Re the follow-up question from David Ricardo, I agree with Paul Scott's answer. In addition, the way DR phrased the question has me thinking about "blame" and other matters re the debt ceiling. I plan to devote my next post (scheduled for Tuesday, 11/19) to a discussion of those ideas.
Also, in response to egarber's second comment, Mike and I discuss the severability of the debt ceiling from general borrowing authority in our third article. (Short answer: It's severable.) Explicitly self-limiting spending provisions could work, so long as they provide clear articulations of Congress's orders re what not to spend, which essentially would mean that there was no trilemma, as egarber surmised.
We have not said much about justiciability, because we've been focusing on the President's duties, but there are people who believe that the courts could act. Prof. Adam Rosenzweig at WashU Law has a nice piece in Constitutional Commentary that I plan to discuss on the blog soon.
That "pretzel logic" post has some spam comments.
Okay, I came to the same conclusion as Mr. Scott and Mr. Buchanan in a slightly differently nuanced manner. The Congress could not deny the President his constitutionally given right to veto by presenting him with a situation in which if he did veto the result would be either severe economic distress or a violation of his constitutional responsibilities, even if the one he violated was the least un-constitutional. So no, he is not obligated to sign a conditional debt increase bill to avoid the trilemma.

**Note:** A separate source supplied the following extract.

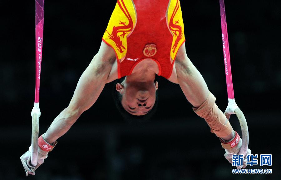 7月30日,中國(guó)選手陳一冰在吊環(huán)比賽中。當(dāng)日,在倫敦奧運(yùn)會(huì)體操男子團(tuán)體決賽中,中國(guó)隊(duì)獲得冠軍。 新華社記者王建華攝

So I think we all look forward to Mr. Buchanan’s discourse on blame, since the most likely scenario is that the President will be presented with a ‘conditional’ debt ceiling increase bill, one that raises the debt ceiling but contains other provisions inimical to the President’s agenda. For Republicans the debt ceiling is not about the level of debt, or federal spending, or deficits or anything related to fiscal issues. It is all about politics and given that a clean debt ceiling cannot pass and that not passing any debt ceiling at all would place the blame on Republicans a conditional bill seems at this time what is going to happen.
Your turn coming up Mr. Obama (although one wonders if he and his advisors even know they are playing the game).
"his constitutionally given right to veto by presenting him with a situation in which if he did veto the result would be either severe economic distress"
What is "severe economic distress"? Some think that was met by budgets in recent years. Sounds like the open-ended Eric Posner sort of thing Prof. Buchanan opposes.
The issue here is not "severe economic distress" but a trilemma where actually fulfilling each constitutional need (executing the law and dealing with the 14A provision in question) requires at least one breach.
If Congress' spending provisions can be executed w/o breaching the 14A but the result is severe economic distress (whatever this entails), I didn't get that the two here want to put their plan in practice.